## Task item
Below this line is a listing that includes pictures. Copy exactly, and only, the lines from the one containing "附件1.龍巖工貿(mào)發" through the one containing "단순한 보약이 아닌 몸"; the pictures do not go in the copy.

## Data supplied
________________

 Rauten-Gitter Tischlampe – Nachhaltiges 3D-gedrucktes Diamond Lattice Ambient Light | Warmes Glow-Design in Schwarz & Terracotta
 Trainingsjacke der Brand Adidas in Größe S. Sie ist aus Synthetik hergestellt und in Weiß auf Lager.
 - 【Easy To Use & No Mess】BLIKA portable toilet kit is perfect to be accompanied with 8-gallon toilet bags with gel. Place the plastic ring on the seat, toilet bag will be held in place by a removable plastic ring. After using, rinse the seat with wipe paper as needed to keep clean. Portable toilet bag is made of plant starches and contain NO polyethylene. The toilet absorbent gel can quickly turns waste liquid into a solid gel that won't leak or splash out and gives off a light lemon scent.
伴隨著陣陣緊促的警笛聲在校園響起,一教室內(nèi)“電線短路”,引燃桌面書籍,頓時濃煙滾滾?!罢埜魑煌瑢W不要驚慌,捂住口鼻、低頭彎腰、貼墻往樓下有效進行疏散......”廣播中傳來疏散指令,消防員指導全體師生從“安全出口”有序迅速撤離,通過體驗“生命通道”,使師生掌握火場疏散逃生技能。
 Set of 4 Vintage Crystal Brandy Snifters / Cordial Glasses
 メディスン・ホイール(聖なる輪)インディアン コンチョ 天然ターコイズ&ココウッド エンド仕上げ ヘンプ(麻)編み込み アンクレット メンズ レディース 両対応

________________

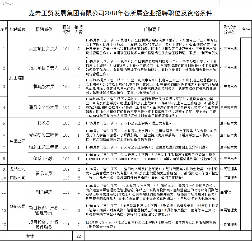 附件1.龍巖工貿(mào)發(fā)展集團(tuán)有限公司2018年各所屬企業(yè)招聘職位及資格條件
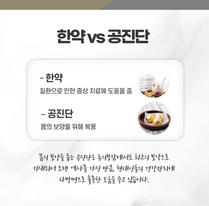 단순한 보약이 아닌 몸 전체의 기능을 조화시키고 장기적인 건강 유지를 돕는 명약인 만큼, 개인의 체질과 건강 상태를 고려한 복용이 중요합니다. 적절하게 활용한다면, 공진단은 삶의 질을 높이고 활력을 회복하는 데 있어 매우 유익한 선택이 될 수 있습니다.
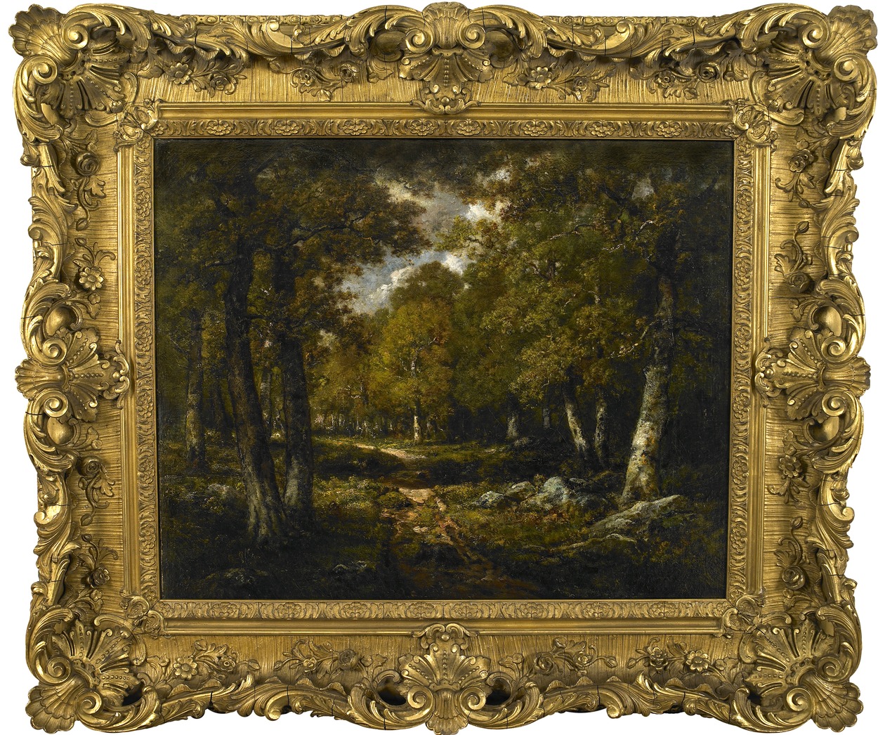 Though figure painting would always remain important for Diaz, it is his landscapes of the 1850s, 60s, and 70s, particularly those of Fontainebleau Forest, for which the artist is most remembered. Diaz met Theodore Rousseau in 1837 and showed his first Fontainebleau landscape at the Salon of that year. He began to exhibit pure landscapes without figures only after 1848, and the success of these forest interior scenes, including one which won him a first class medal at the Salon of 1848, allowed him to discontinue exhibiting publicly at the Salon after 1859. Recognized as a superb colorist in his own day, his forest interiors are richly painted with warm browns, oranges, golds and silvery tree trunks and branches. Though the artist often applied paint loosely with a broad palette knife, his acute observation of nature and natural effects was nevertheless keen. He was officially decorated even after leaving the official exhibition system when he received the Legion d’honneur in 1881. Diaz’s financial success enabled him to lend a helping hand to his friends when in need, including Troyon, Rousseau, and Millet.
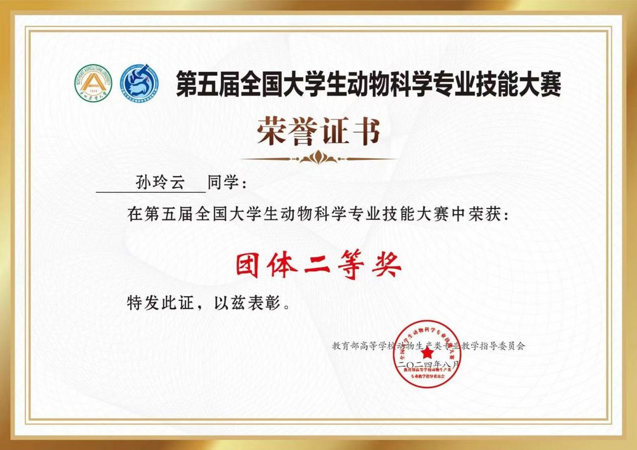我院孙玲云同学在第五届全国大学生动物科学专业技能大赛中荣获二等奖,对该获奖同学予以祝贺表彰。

________________

## Expected output
 附件1.龍巖工貿(mào)發(fā)展集團(tuán)有限公司2018年各所屬企業(yè)招聘職位及資格條件
 단순한 보약이 아닌 몸 전체의 기능을 조화시키고 장기적인 건강 유지를 돕는 명약인 만큼, 개인의 체질과 건강 상태를 고려한 복용이 중요합니다. 적절하게 활용한다면, 공진단은 삶의 질을 높이고 활력을 회복하는 데 있어 매우 유익한 선택이 될 수 있습니다.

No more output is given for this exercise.